Я подумал и медленно сказал:
— Я тебе напишу об этом…
— В письме? — удивилась Лена.
— Нет, я не знаю, как тебе сказать… В последнее время у меня было много свободного времени, я долго и сильно, как Чапай, думал, пока не додумался до очередной глупости…
— Расскажи, расскажи, расскажи! — возбудилась Лена.
— Вся моя прошлая жизнь состояла из непрерывного действия, из бесконечного ряда каких-то очень крутых поступков. Не то чтобы я совсем уж не нагружал свое серое вещество, но каждый поступок был сопряжен с огромным риском и требовал предельной сосредоточенности на каких-то локальных обстоятельствах и ситуациях… Понимаешь?
— Понимаю! Да говори ты, говори!

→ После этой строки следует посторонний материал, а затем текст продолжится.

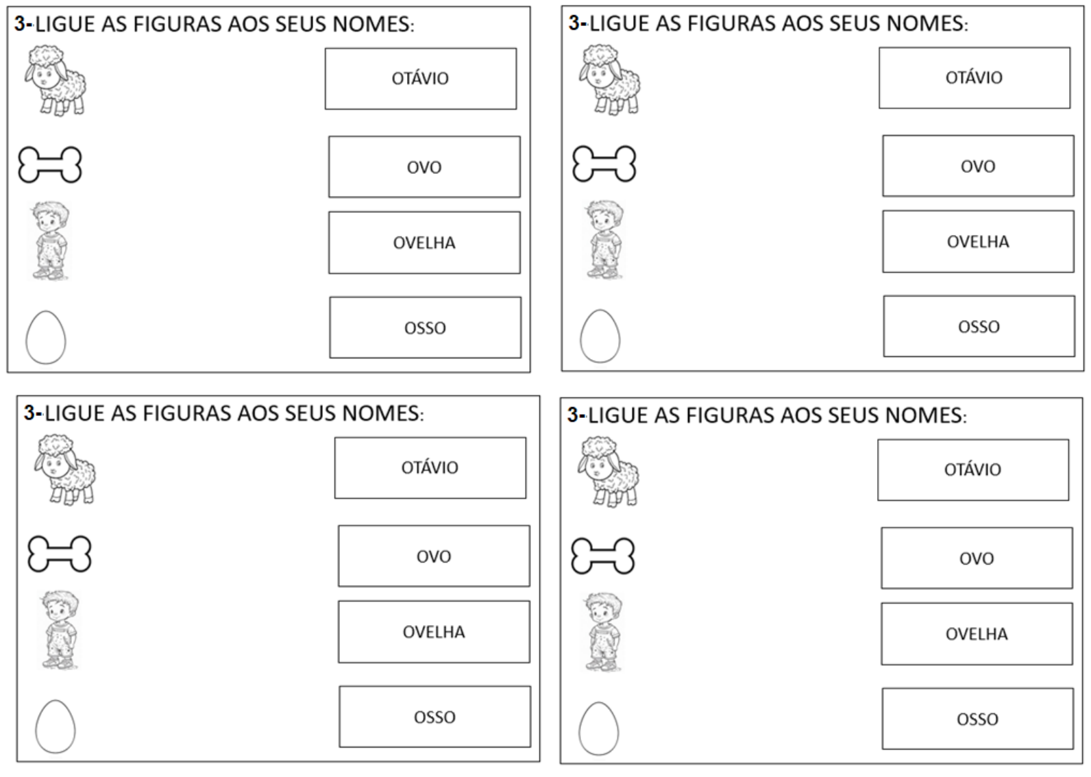 <p>3-LIGUE AS FIGURAS AOS SEUS NOMES: 3-LIGUE AS FIGURAS AOS SEUS NOMES: OTÁVIO OTÁVIO OVO OVO OVELHA OVELHA 3-LIGUE AS FIGURAS AOS SEUS NOMES: 3-LIGUE AS FIGURAS AOS SEUS NOMES: OTÁVIO OTÁVIO OVO OVO OVELHA OVELHA OSSO OSSO</p><p>4- COMPLETE A TABELA: FIGURA PALAVRA LETRA LETRA TOTAL DE INICIAL FINAL LETRAS 4- COMPLETE A TABELA: FIGURA PALAVRA LETRA LETRA TOTAL DE INICIAL FINAL LETRAS</p><p>1-LEIA o NOME DOS ANIMAIS E ESCREVA-OS NOS LUGARES CORRESPONDENTES: TIGRE - PAPAGAIO - TUCANO - VEADO - TAMANDUÁ - 1-LEIA o NOME DOS ANIMAIS E ESCREVA-OS NOS LUGARES TIGRE - PAPAGAIO - TUCANO - VEADO -</p><p>2-COMPLETE AS PALAVRAS COM AS SÍLABAS DO QUADRO E DESCUBRA o NOME DOS ANIMAIS: CIS AN RARA TA TETO NE GIO BOIA 2-COMPLETE AS PALAVRAS COM AS SÍLABAS DO QUADRO E DESCUBRA o NOME DOS ANIMAIS: GI CIS AN TA TETO RARA NE GIO BOIA</p><p>os NOMES DAS FIGURAS: 1-PINTE os NOMES DAS FIGURAS: - OMO ÓCULOS ÔNIBUS ONÇA OMO ÓCULOS ÔNIBUS ONÇA OLHO ORELHA OMBRO OSSO OLHO ORELHA OMBRO OSSO OVO OLINDA OVELHA OCA OVO OLINDA OVELHA OCA NOMES DAS FIGURAS: 1-PINTE os NOMES DAS FIGURAS: / - \ OMO ÓCULOS ÔNIBUS ONÇA OMO ÓCULOS ÔNIBUS ONÇA OLHO ORELHA OMBRO OSSO OLHO ORELHA OMBRO OSSO OVO OLINDA OVELHA OCA OVO OLINDA OVELHA OCA</p><p>Autismo 5 5 É preciso conhecer, para ajudar! 5 Autismo 5 5 É preciso conhecer, para ajudar! 5 Autismo 5 5 É preciso conhecer, para ajudar!</p>

Не тяни!..
— Ну, представь себе — бездна невероятных событий, фантастических встреч, нечеловеческих прыжков и ужимок — и ни одной мысли о жизни! Одни оперативные комбинации и агентурные разработки! Некогда было подумать о жизни! А ведь моя жизнь — тоже определенного рода урок. Может быть, отрицательный урок. Вообще моя память — это еще не распечатанный сундук аббата Фариа…
— Ты решил стать графом Монте-Кристо? — осторожно спросила Лена. — Ты хочешь отомстить?
— Нет… Не думаю… Не знаю… Сначала мне надо все вспомнить, рассортировать и выстроить долгую цепь… Я должен рассказать это все себе самому… Наверное, записать…
Лена посмотрела на меня, как на тяжелобольного.
— Да-да, наверное… — Быстро, успокаивающе поцеловала и сказала: — Сержик, ключи от машины и квартиры — на кухонном столе. Не забывай только за телефон платить — отключат…
Я держал ее в объятиях, мою теплую, живую, уже ушедшую, и меня судорогой ломала мука немоты, невозможности ничего объяснить ей, предупредить об опасности, предостеречь — она сейчас ничего не услышит. Она не поверит, что предложение моего друга-олигарха отклонить можно, что это заманчивое поручение отклонить нужно. Она сейчас не помнит, что Хитрый Пес общается с людьми на вздохе интереса — выдохнув, он навсегда забывает о них.
Но пытаться разубедить ее сейчас бесполезно. Как говорит мой старый мудрый друг Гордон Марк Александрович — молодые не воспринимают опыт старших изустно, их учат только собственные синяки и шишки. Не очень свежая идея, но от моего бессилия еще более щемяще-грустная.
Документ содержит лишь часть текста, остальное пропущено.